Accidental return of dropbacks!

April 11th was the last time I did an unassisted dropback, the week before my wrist went haywire, 3 long months ago. I was beginning to fear them or the thought of them and the possible consequences of a dodgy landing on my poor left wrist. Practice has been better every day since Monday, my lower back is much happier, I have done full primary Tuesday, Wednesday and Thursday and the last 2 practices I have had much better attempts at Urdva Dhanurasana and done a bit of hanging back and walking down the door.

This evening I decided on a shorter practice, up to Marichyasana C, then some deeper backbend experiments, you know all those things that I officially don’t know how to do! A couple of crap UD’s then some better ones, pushing up and managing to walk the hands in a little.Time for some hang backs, crank, something opens a notch further than last night, I am much further down the door, well below the handle, after a few goes I go back to my mat with the intention of hanging back just to see how much of the mat will come into view, the answer quite a lot, on the second attempt I suddenly find that gravity has taken over and I have passed the point of no return, somehow I manage to get my arms straight and land the hands just before my head, dazed but happy. What now? I decide to try and do an intentional one, the mind is different when you intend getting to the floor, you are consciously looking out for the point of no return, though this time I had my arms straight and ready from higher up and managed to land safely. I am back to the stage of just getting down in one piece, I need to get back to consciously aiming my hands towards my feet to get the deeper bend, but one step at a time.

A sudden opportunity for a double practice this weekend, C is guesting at TY tomorrow morning, I have missed her teaching these 7 weeks while she has been in Mysore, she has this way of bringing the best out of my practice.

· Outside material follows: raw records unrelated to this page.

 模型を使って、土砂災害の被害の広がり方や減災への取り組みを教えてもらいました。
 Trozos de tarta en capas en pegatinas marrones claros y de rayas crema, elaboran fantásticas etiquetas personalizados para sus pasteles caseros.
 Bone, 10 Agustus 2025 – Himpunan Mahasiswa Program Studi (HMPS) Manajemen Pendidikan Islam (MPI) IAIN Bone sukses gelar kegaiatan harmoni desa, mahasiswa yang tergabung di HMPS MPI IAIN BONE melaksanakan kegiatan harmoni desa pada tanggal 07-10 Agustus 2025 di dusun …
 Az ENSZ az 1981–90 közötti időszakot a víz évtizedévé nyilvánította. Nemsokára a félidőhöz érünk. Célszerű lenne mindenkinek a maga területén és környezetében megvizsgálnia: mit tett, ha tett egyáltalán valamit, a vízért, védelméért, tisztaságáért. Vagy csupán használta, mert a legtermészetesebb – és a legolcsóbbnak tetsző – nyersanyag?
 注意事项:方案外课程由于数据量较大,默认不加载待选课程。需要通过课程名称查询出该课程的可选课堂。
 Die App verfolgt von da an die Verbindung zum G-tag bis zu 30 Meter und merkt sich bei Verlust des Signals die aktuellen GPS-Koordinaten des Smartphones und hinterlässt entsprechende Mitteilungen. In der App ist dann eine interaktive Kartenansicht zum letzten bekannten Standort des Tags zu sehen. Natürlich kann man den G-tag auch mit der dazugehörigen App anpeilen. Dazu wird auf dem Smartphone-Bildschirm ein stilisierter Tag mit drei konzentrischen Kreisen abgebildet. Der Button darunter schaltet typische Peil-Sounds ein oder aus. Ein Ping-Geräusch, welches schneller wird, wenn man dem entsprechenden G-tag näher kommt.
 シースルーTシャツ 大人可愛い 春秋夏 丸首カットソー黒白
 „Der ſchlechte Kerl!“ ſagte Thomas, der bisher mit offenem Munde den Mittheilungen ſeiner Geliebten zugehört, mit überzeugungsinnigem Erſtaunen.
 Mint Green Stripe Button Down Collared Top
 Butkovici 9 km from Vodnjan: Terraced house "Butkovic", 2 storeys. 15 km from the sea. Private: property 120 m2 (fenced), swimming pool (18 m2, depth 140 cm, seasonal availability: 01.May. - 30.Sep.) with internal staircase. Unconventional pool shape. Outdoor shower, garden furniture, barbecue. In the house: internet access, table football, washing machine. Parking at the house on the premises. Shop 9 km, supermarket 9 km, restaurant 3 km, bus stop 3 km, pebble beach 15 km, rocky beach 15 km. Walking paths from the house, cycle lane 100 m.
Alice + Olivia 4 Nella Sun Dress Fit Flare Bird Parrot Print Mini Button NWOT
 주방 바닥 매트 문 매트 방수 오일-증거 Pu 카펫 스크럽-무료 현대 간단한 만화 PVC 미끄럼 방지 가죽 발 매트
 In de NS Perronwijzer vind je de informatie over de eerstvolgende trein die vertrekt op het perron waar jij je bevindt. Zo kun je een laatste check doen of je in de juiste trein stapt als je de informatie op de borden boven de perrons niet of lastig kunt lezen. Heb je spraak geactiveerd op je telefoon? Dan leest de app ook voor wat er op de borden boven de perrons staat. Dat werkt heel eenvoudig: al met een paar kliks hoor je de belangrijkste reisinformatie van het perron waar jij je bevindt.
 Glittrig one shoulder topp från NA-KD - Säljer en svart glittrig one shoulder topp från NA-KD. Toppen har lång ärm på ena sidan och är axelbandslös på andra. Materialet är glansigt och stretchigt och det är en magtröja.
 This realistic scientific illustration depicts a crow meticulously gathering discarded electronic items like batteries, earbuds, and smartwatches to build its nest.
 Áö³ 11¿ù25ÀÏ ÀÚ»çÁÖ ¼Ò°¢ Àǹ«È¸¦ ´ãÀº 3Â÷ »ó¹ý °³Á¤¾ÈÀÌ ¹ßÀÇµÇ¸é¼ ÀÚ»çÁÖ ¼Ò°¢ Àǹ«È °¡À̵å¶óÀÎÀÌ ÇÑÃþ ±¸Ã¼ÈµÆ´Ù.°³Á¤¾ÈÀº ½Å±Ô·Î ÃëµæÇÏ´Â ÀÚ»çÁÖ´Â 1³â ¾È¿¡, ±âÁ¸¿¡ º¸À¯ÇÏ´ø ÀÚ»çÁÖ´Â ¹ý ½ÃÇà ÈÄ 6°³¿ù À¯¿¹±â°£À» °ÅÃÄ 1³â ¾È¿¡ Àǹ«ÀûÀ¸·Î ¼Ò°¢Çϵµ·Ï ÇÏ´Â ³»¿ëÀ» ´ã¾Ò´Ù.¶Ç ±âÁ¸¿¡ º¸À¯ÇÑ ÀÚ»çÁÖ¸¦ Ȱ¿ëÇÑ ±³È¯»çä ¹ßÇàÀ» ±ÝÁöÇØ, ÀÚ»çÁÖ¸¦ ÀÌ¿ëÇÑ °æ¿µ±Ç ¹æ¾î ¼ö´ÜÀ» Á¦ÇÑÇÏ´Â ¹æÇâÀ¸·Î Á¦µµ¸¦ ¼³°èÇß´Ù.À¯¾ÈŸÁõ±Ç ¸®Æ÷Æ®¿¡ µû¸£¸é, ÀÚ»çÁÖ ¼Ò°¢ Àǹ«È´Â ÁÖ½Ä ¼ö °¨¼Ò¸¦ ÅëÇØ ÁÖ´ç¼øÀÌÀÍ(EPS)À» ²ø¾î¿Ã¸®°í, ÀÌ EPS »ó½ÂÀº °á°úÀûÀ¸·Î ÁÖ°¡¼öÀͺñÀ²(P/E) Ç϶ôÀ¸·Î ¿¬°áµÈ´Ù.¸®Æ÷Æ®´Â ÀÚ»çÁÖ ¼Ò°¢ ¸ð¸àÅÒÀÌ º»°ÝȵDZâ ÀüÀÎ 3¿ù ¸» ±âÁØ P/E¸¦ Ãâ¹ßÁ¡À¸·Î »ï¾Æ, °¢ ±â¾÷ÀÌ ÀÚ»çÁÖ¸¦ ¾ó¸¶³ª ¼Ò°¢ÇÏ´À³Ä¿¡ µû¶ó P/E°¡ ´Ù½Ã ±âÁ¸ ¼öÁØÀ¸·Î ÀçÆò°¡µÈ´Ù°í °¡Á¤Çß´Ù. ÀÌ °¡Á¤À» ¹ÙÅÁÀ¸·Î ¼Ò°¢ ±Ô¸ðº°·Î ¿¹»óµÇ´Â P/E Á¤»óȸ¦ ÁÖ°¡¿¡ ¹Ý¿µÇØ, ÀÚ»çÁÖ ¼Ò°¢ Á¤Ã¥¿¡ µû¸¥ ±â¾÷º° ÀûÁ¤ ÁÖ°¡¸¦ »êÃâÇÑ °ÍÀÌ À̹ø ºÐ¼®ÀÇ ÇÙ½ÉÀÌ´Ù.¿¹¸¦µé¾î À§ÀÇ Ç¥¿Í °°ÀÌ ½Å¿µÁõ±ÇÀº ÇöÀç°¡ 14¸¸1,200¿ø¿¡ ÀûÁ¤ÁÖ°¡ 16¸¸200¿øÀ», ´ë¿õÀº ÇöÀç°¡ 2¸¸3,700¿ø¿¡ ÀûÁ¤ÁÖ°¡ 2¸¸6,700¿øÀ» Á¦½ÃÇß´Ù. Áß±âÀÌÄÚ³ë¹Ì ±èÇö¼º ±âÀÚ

4 Responses to “Accidental return of dropbacks!”

  1. Ragdoll Says:

    Excellent news! Well done especially on not panicking when you realised you’d passed the point of no return, you sound really comfortable with them.

  2. globie Says:

    I wish I was comfortable, they didn’t happen today :-(

  3. Ragdoll Says:

    I get the impression though, that it is physical and not psychological? So they’ll be back, sooner or later. Not to say that I don’t appreciate the frustration! From the outside – and a few hundred miles away – I feel like it’s just a matter of time. Oh, and practice . . .

  4. globie Says:

    It is certainly more physical, the wrist and the lower back, but I don’t want to do too much too soon, it is frustrating when one day they happen, yet today my back felt rigid.